◆ Goal of the exercise
Look below for the line with "吳敦義昨天抵達(dá)臺(t", then repeat it and all lines after it, exactly, minus any pictures.

◆ Dataset section
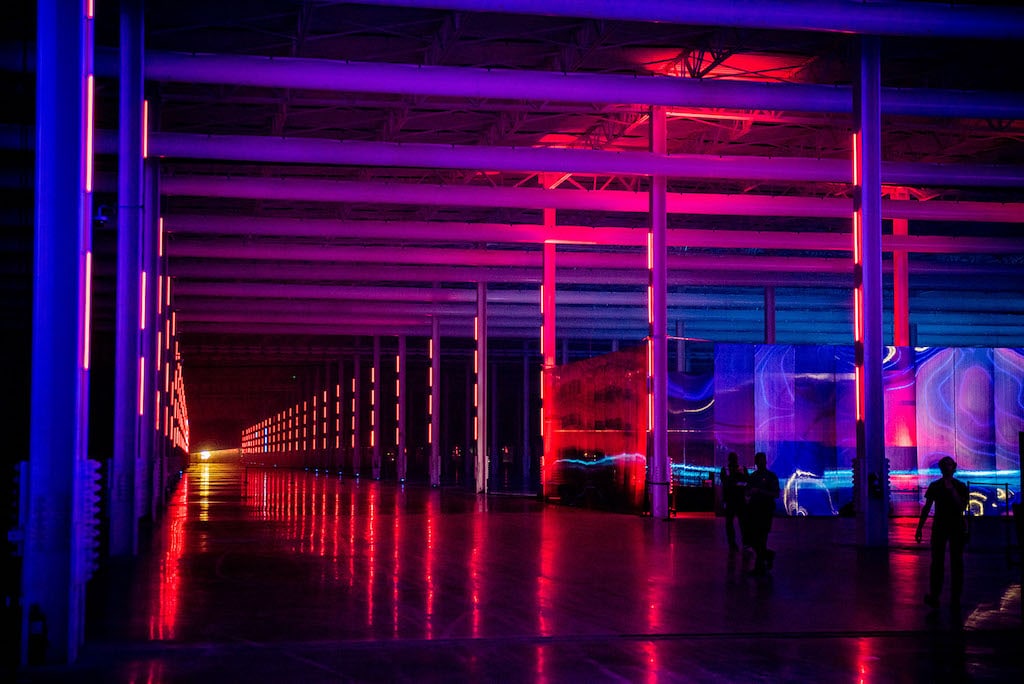 Der Licht- und Grafikdesigner Rob Ross hat bei der Einweihungsfeier von Teslas Gigafactory in Texas über 500 Astera Titan Tubes eingesetzt.
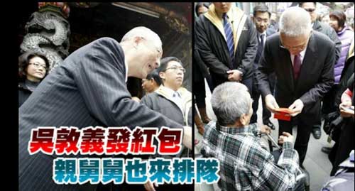 吳敦義昨天抵達(dá)臺(tái)中市豐原區(qū)慈濟(jì)宮,上香后發(fā)888個(gè)紅包給民眾,取其吉利諧音“發(fā)發(fā)發(fā)”,吸引大批當(dāng)?shù)孛癖娕抨?duì)領(lǐng)取。82歲的簡(jiǎn)百祿雙手握著輔助架,在女兒攙扶下領(lǐng)到一個(gè)紅包,此時(shí)吳敦義突然喊他“舅舅”。報(bào)道指出,原來簡(jiǎn)老先生是吳敦義的親母舅,吳敦義隨即又包了近10張的新臺(tái)幣千元鈔紅包給舅舅,并說:“這是我的錢,沒有問題啦!”
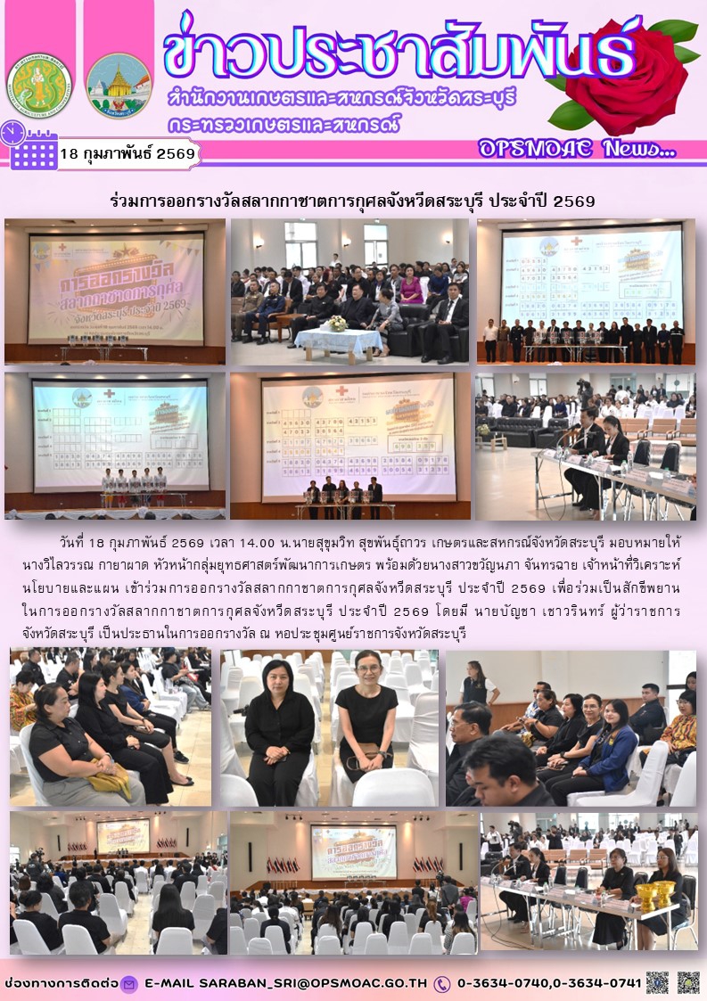 วันที่ 18 กุมภาพันธ์ 2569 เวลา 14.00 น.นายสุขุมวิท สุขพันธุ์ถาวร เกษตรและสหกรณ์จังหวัดสระบุรี มอบหมายให้ นางวิไลวรรณ กายาผาด หัวหน้ากลุ่มยุทธศาสตร์พัฒนาการเกษตร พร้อมด้วยนางสาวขวัญนภา จันทรฉาย เจ้าหน้าที่วิเคราะห์นโยบายและแผน เข้าร่วมการออกรางวัลสลากกาชาตการกุศลจังหวีดสระบุรี ประจำปี 2569 เพื่อร่วมเป็นสักขีพยาน ในการออกรางวัลสลากกาชาตการกุศลจังหวีดสระบุรี ประจำปี 2569 โดยมี นายบัญชา เชาวรินทร์ ผู้ว่าราชการ จังหวัดสระบุรี เป็นประธานในการออกรางวัล ณ หอประชุมศูนย์ราชการจังหวัดสระบุรี

◆ Task solution
 吳敦義昨天抵達(dá)臺(tái)中市豐原區(qū)慈濟(jì)宮,上香后發(fā)888個(gè)紅包給民眾,取其吉利諧音“發(fā)發(fā)發(fā)”,吸引大批當(dāng)?shù)孛癖娕抨?duì)領(lǐng)取。82歲的簡(jiǎn)百祿雙手握著輔助架,在女兒攙扶下領(lǐng)到一個(gè)紅包,此時(shí)吳敦義突然喊他“舅舅”。報(bào)道指出,原來簡(jiǎn)老先生是吳敦義的親母舅,吳敦義隨即又包了近10張的新臺(tái)幣千元鈔紅包給舅舅,并說:“這是我的錢,沒有問題啦!”
 วันที่ 18 กุมภาพันธ์ 2569 เวลา 14.00 น.นายสุขุมวิท สุขพันธุ์ถาวร เกษตรและสหกรณ์จังหวัดสระบุรี มอบหมายให้ นางวิไลวรรณ กายาผาด หัวหน้ากลุ่มยุทธศาสตร์พัฒนาการเกษตร พร้อมด้วยนางสาวขวัญนภา จันทรฉาย เจ้าหน้าที่วิเคราะห์นโยบายและแผน เข้าร่วมการออกรางวัลสลากกาชาตการกุศลจังหวีดสระบุรี ประจำปี 2569 เพื่อร่วมเป็นสักขีพยาน ในการออกรางวัลสลากกาชาตการกุศลจังหวีดสระบุรี ประจำปี 2569 โดยมี นายบัญชา เชาวรินทร์ ผู้ว่าราชการ จังหวัดสระบุรี เป็นประธานในการออกรางวัล ณ หอประชุมศูนย์ราชการจังหวัดสระบุรี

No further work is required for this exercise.